Abstract

Magnetic resonance imaging can only acquire volume data with finite resolution due to various factors. In particular, the resolution in one direction (such as the slice direction) is much lower than others (such as the in-plane direction), yielding un-realistic visualizations. This study explores to reconstruct MRI isotropic resolution volumes from three orthogonal scans. This proposed super- resolution reconstruction is formulated as a maximum a posterior (MAP) problem, which relies on the generation model of the acquired scans from the unknown high-resolution volumes. Generally, the deviation ensemble of the reconstructed high-resolution (HR) volume from the available LR ones in the MAP is represented as a Gaussian distribution, which usually results in some noise and artifacts in the reconstructed HR volume. Therefore, this paper investigates a robust super-resolution by formulating the deviation set as a Laplace distribution, which assumes sparsity in the deviation ensemble based on the possible insight of the appeared large values only around some unexpected regions.
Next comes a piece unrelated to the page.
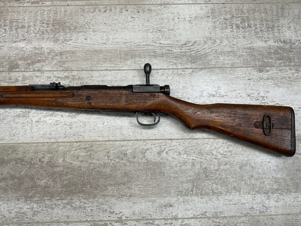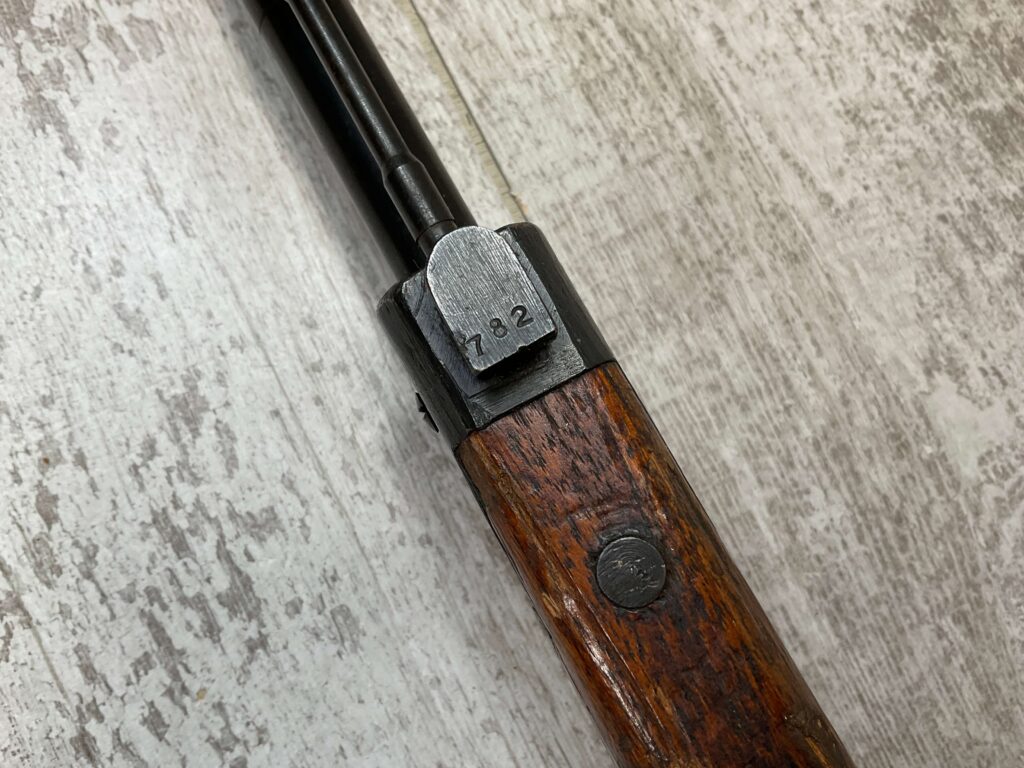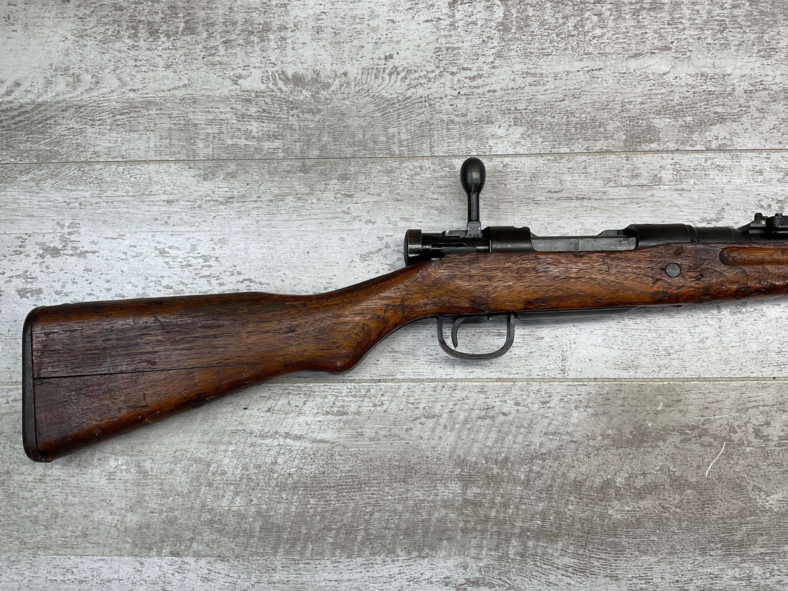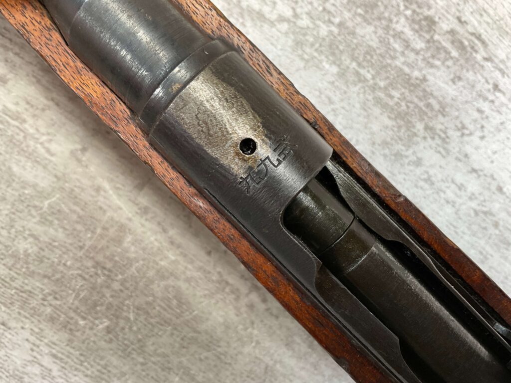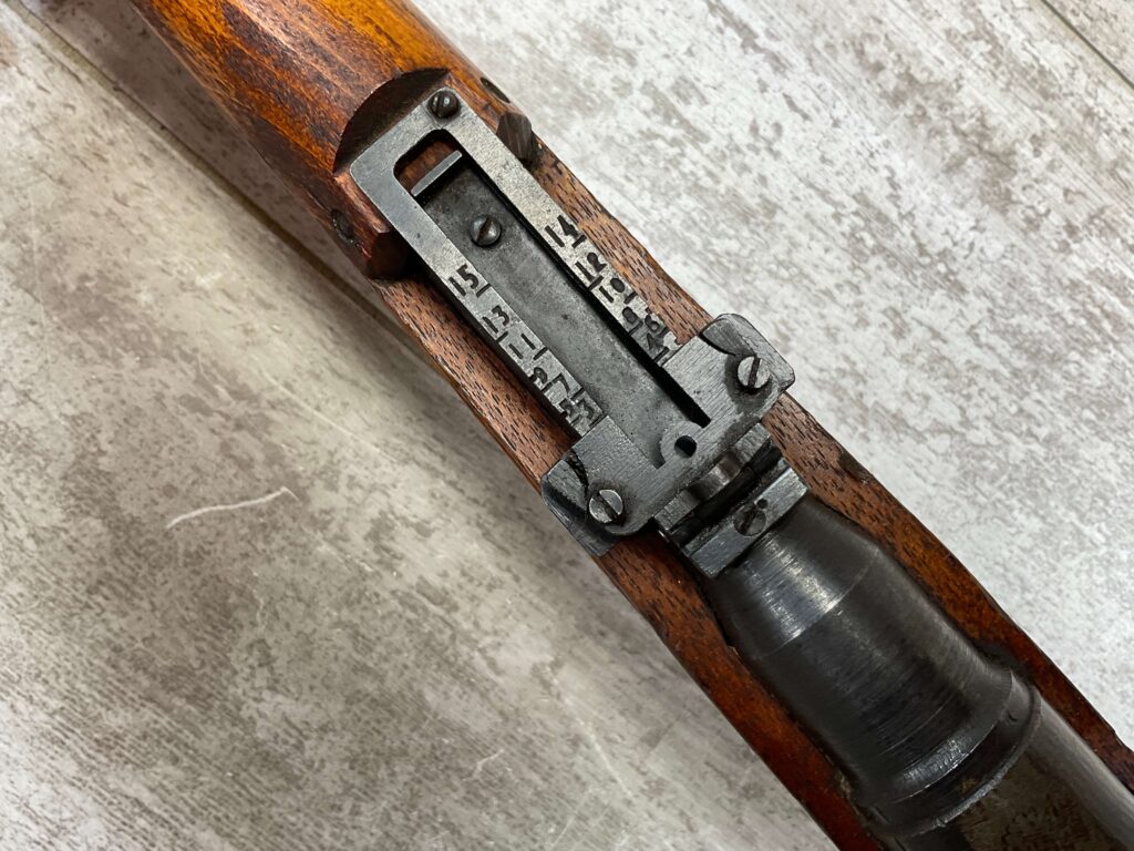 JAPANESE TYPE 99 NAGOYA 7.7X58 BOLT ACTION RIFLE #2782, MATCHING BOLT, SERIES 6, 7.7MM, 90% BLUE, GOOD STOCK W/ TYPICAL DINGS & NICKS FROM AGE/USE, CLEANING ROD, ORIGINAL FINISH, GROUND MUM, AIRCRAFT SIGHTS MISSING “WINGS”, METAL BUTT PLATE, 85% OVERALL

In addition, in order to achieve reliable HR MRI volume, we integrates the priors such as bilateral total variation (BTV) and non-local mean (NLM) into the proposed MAP framework for suppressing artifacts and enriching visual detail. We validate the proposed robust SR strategy using MRI mouse data with high-definition resolution in two direction and low-resolution in one direction, which are imaged in three orthogonal scans: axial, coronal and sagittal planes. Experiments verifies that the proposed strategy can achieve much better HR MRI volumes than the conventional MAP method even with very high-magnification factor: 10.